Give again, exactly and without pictures, the lines running from the line with "首先利用半径为R20的四分之一圆弧经由过程扭转建立出一个半球 。" to the end of the records below.

Data records:
::::::::::
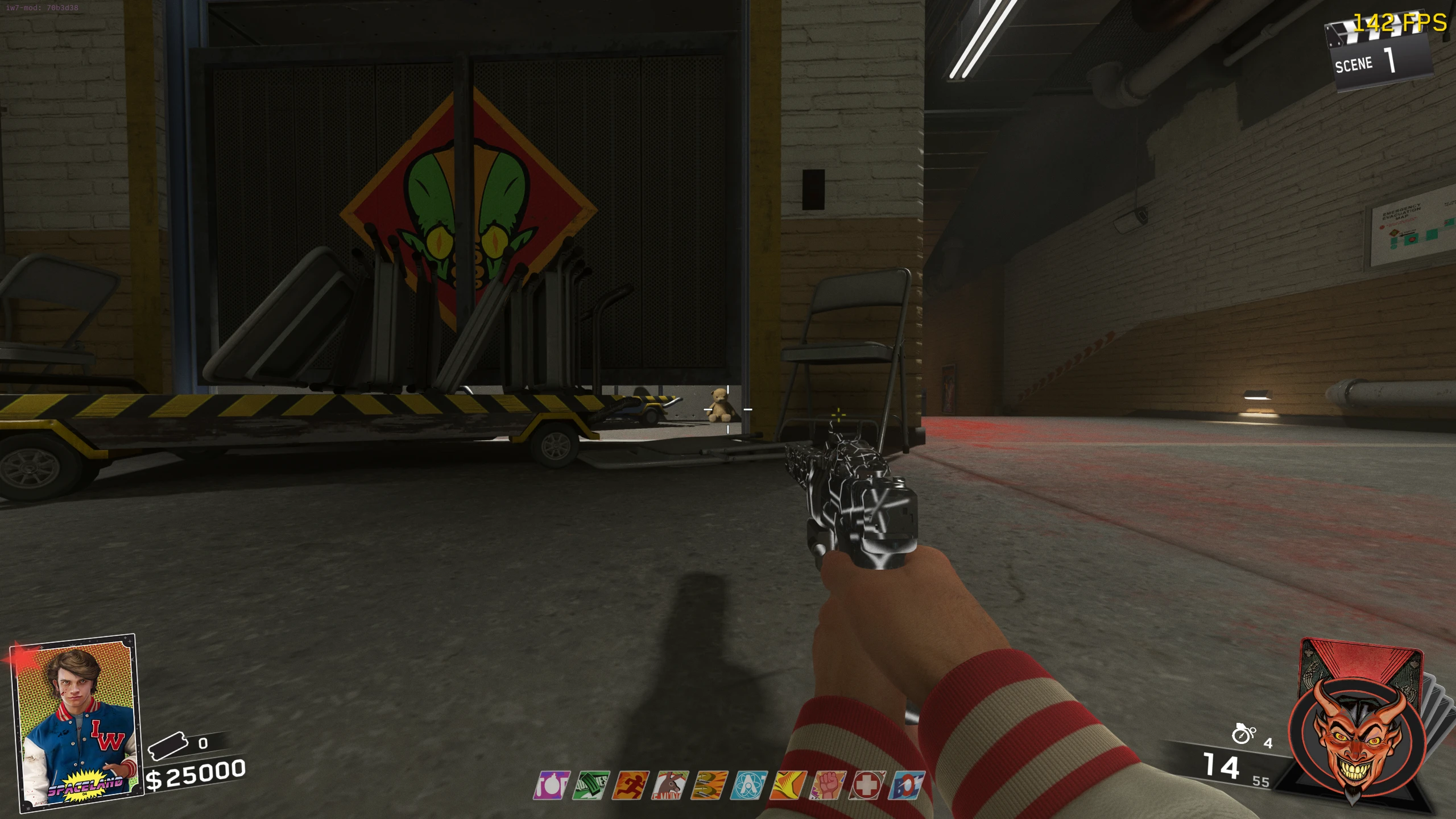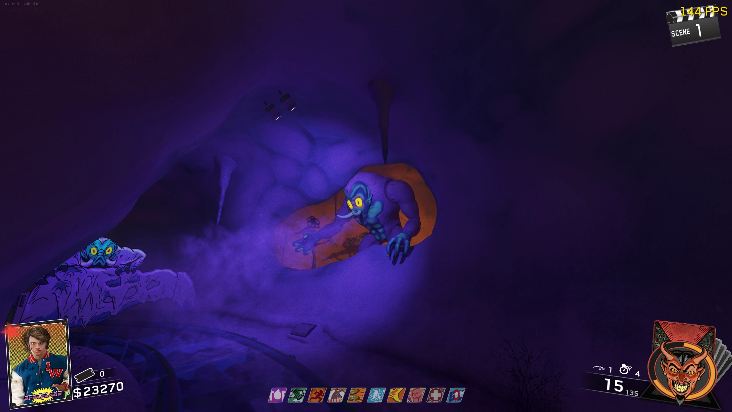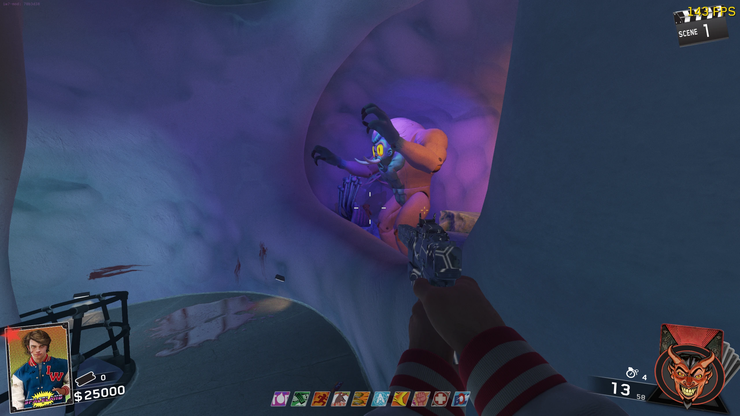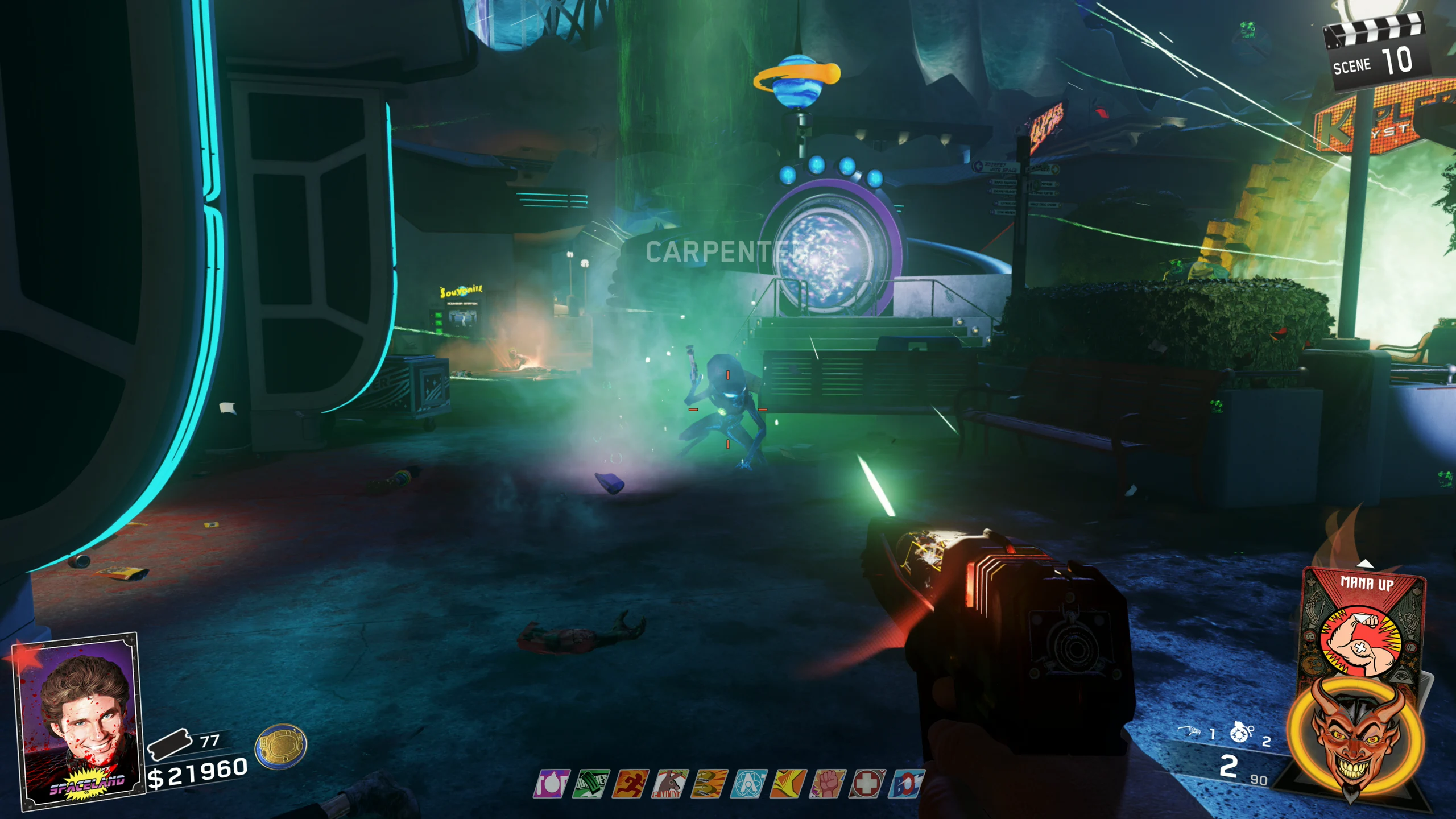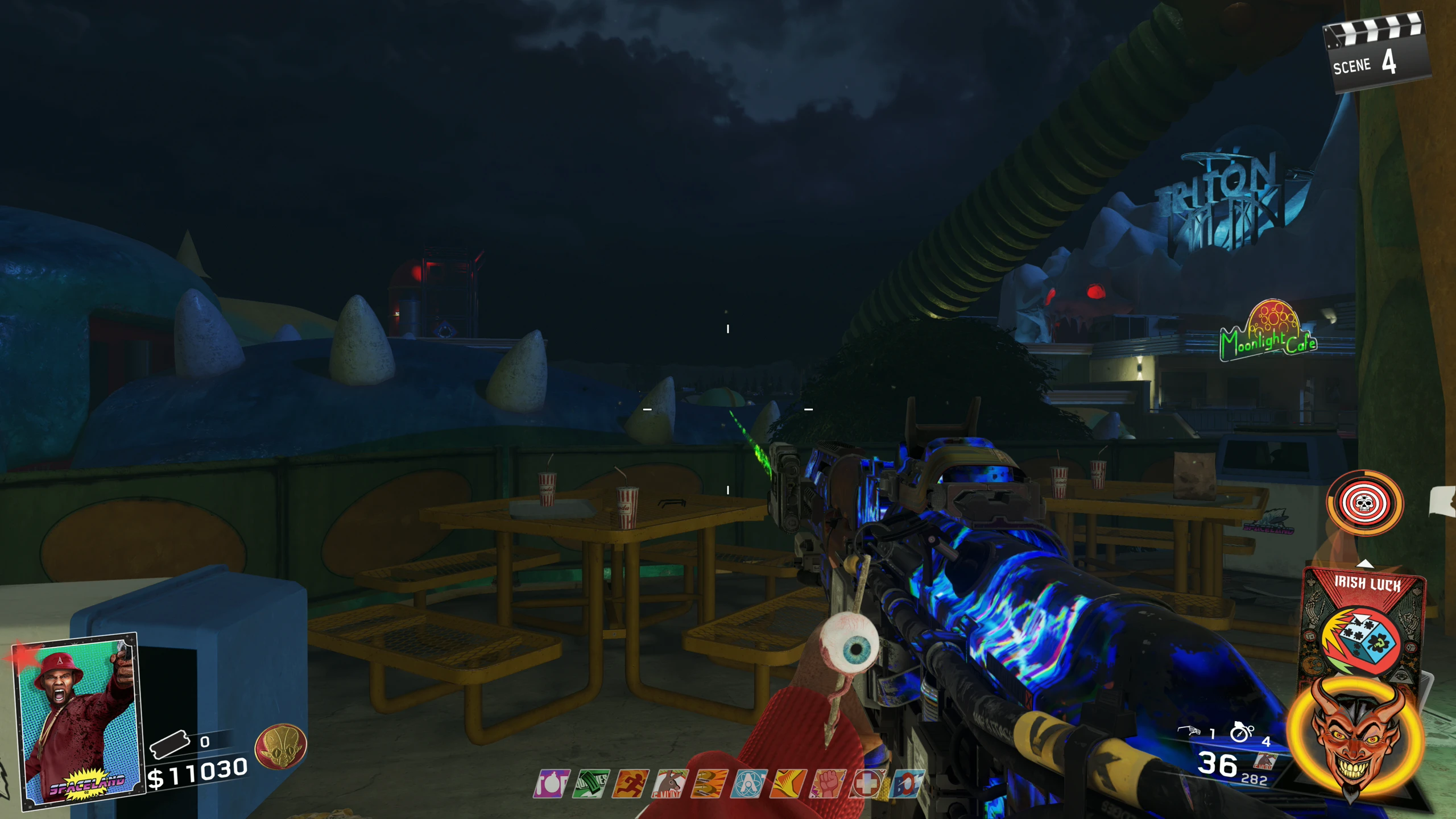 - The Alien will teleport around the arena, mostly on the rooftops but not always. The Alien will occasionally shoot the player with their gun, launch an energy blast out of the other (gun-less) hand, or spawn Zombies near the player.
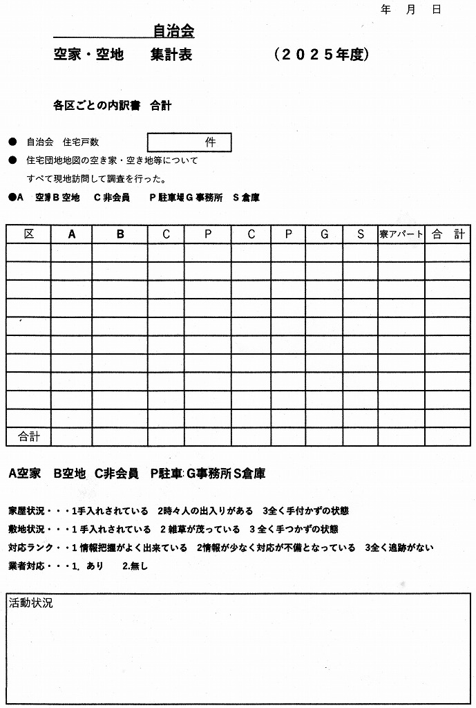 各自治会は、自治会で対象物件のリストアップを図り、最終的には、そのデ
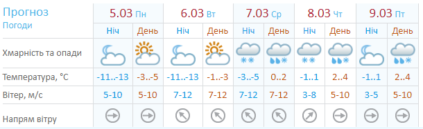 Ресурс Мeteoprog.ua обещает -1...-3 5 и 6 марта и потепление до +1...+4 с 7 марта. В среду и на выходных - сне с дождем.
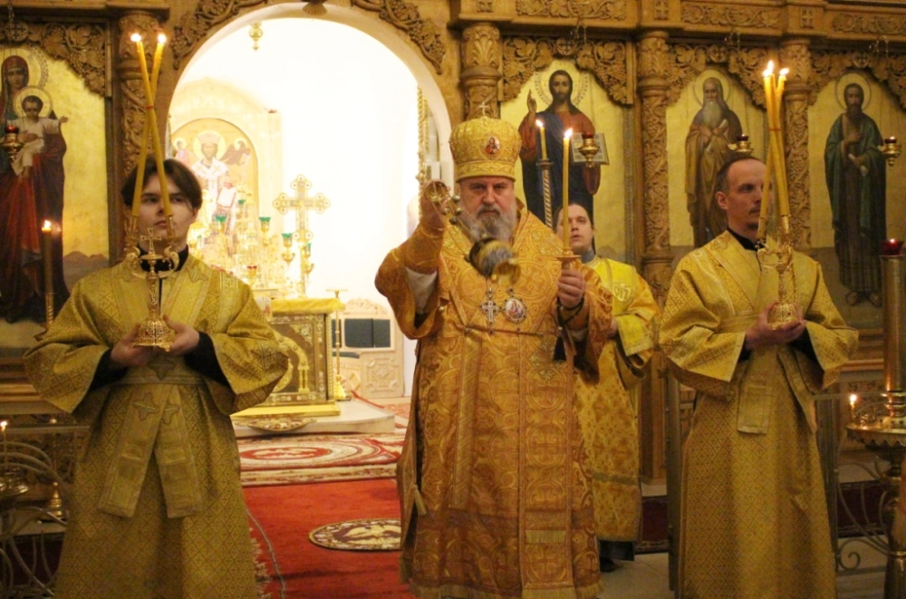 Его Преосвященству сослужили настоятель Свято-Троицкого кафедрального собора иерей Александр Курмелёв и духовенство собора.
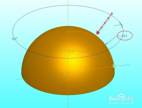 首先利用半径为R20的四分之一圆弧经由过程扭转建立出一个半球 。
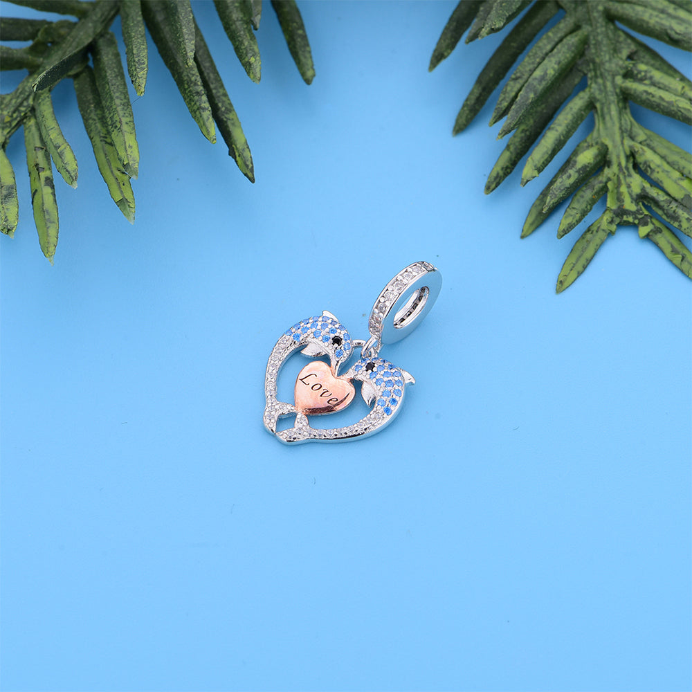 925 sterling silver dolphin heart shape
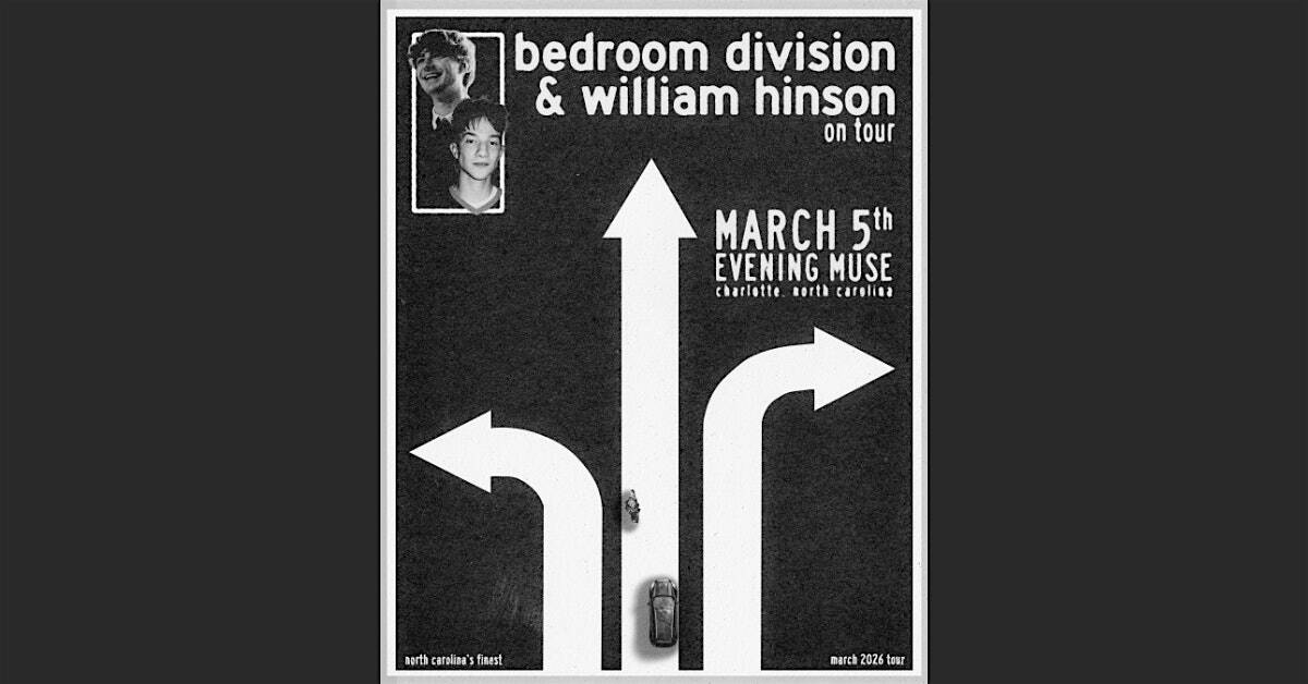by admin23Feb Bedroom Division and William Hinson Tour at The Evening Muse – Charlotte, NC Bedroom Division and William Hinson Tour at The Evening Muse – Charlotte, NC 3 3 people viewed this event. Bedroom Division and William Hinson Tour Tickets-RSVP Link Date And Time Thursday, March 5th, 2026 07:00 PM (PST) Venue The Evening Muse Location 3227 N. Davidson Street, Charlotte, NC 28205 Event Types Concert or PerformanceMusic Event Category CharlotteNorth Carolina Share With Friends Facebook Twitter Linkedin Xing Pinterest Share This Post:
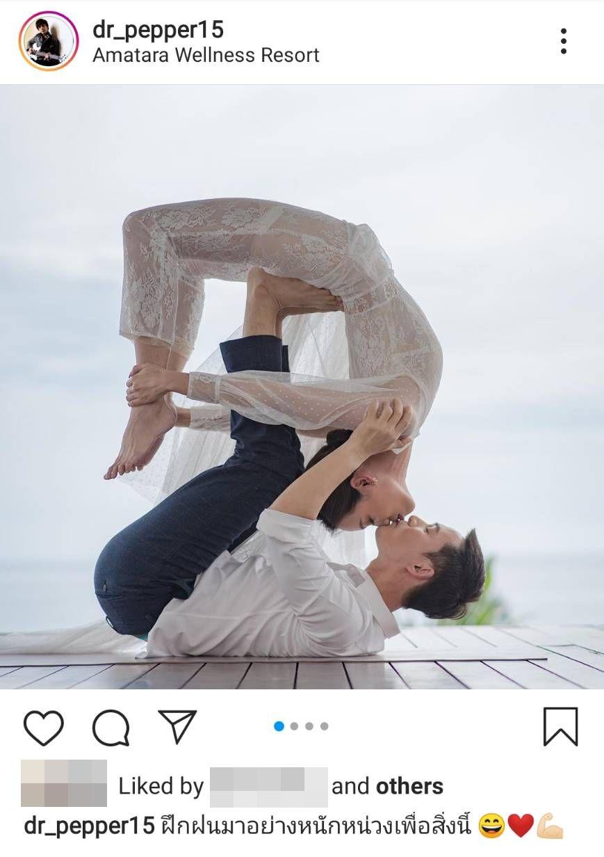 โดย เปปเปอร์ UHT โพสต์ภาพพรีเวดดิ้งคู่กับแฟนสาว มีทั้งภาพคู่กันแบบปกติ รวมไปถึงภาพที่ทั้งคู่ม้วนตัวเล่นโยคะในชุดบ่าวสาว แต่ละท่าบอกเลยว่าต้องใช้ความแข็งแรงของร่างกายจริงๆ แต่ก็ยังมีชอตหวานจูบกันด้วย พร้อมทั้งเขียนแคปชั่น “ฝึกฝนมาอย่างหนักหน่วงเพื่อสิ่งนี้”
::::::::::
RESULT OF THE EXERCISE:
 首先利用半径为R20的四分之一圆弧经由过程扭转建立出一个半球 。
 925 sterling silver dolphin heart shape
by admin23Feb Bedroom Division and William Hinson Tour at The Evening Muse – Charlotte, NC Bedroom Division and William Hinson Tour at The Evening Muse – Charlotte, NC 3 3 people viewed this event. Bedroom Division and William Hinson Tour Tickets-RSVP Link Date And Time Thursday, March 5th, 2026 07:00 PM (PST) Venue The Evening Muse Location 3227 N. Davidson Street, Charlotte, NC 28205 Event Types Concert or PerformanceMusic Event Category CharlotteNorth Carolina Share With Friends Facebook Twitter Linkedin Xing Pinterest Share This Post:
 โดย เปปเปอร์ UHT โพสต์ภาพพรีเวดดิ้งคู่กับแฟนสาว มีทั้งภาพคู่กันแบบปกติ รวมไปถึงภาพที่ทั้งคู่ม้วนตัวเล่นโยคะในชุดบ่าวสาว แต่ละท่าบอกเลยว่าต้องใช้ความแข็งแรงของร่างกายจริงๆ แต่ก็ยังมีชอตหวานจูบกันด้วย พร้อมทั้งเขียนแคปชั่น “ฝึกฝนมาอย่างหนักหน่วงเพื่อสิ่งนี้”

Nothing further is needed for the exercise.